Gratch overheard Conway talking about the idea during a performance at the Brooklyn Academy of Music last March, and struck up a conversation with her to find out more. Back home she went to the collective’s Web site, mouthswideopen.org, to order soldiers and download labels, but felt nervous about providing her credit card information online. She sent an e-mail saying she’d send a check instead but didn’t hear back until the summer, when she got an apologetic reply from Conway, who promised to ship as many soldiers as she wanted, free of charge. Gratch asked for four gross–that’s 576–and soon began leaving them everywhere.

Handing out soldiers is “the gentlest kind of peace activism” Gratch says she’s ever done, but she thinks that’s the key to its effectiveness.

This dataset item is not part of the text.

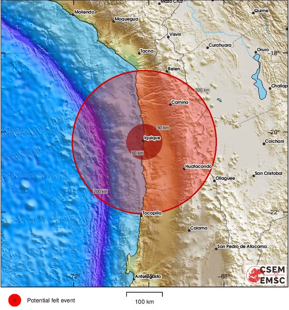 Um terremoto de magnitude 5,7 atingiu a região de Tarapacá, no Chile, na noite deste domingo (25), de acordo com o Centro Sismológico Euro-Mediterrânico (EMSC).

One of her friends, Happie Datt, says she thought going to war was the wrong choice, but doesn’t consider herself the type to “get up on rooftops and shout out how you feel about things.” So Gratch encouraged her to take a bag and try leaving a soldier someplace. Soon after, while out shopping with her daughter, Datt decided to do just that. “We were at Banana Republic or J. Crew or one of those stores,” she says. “So when it came time to sign out, I took a soldier and I put it on the counter. I felt very brave doing it.”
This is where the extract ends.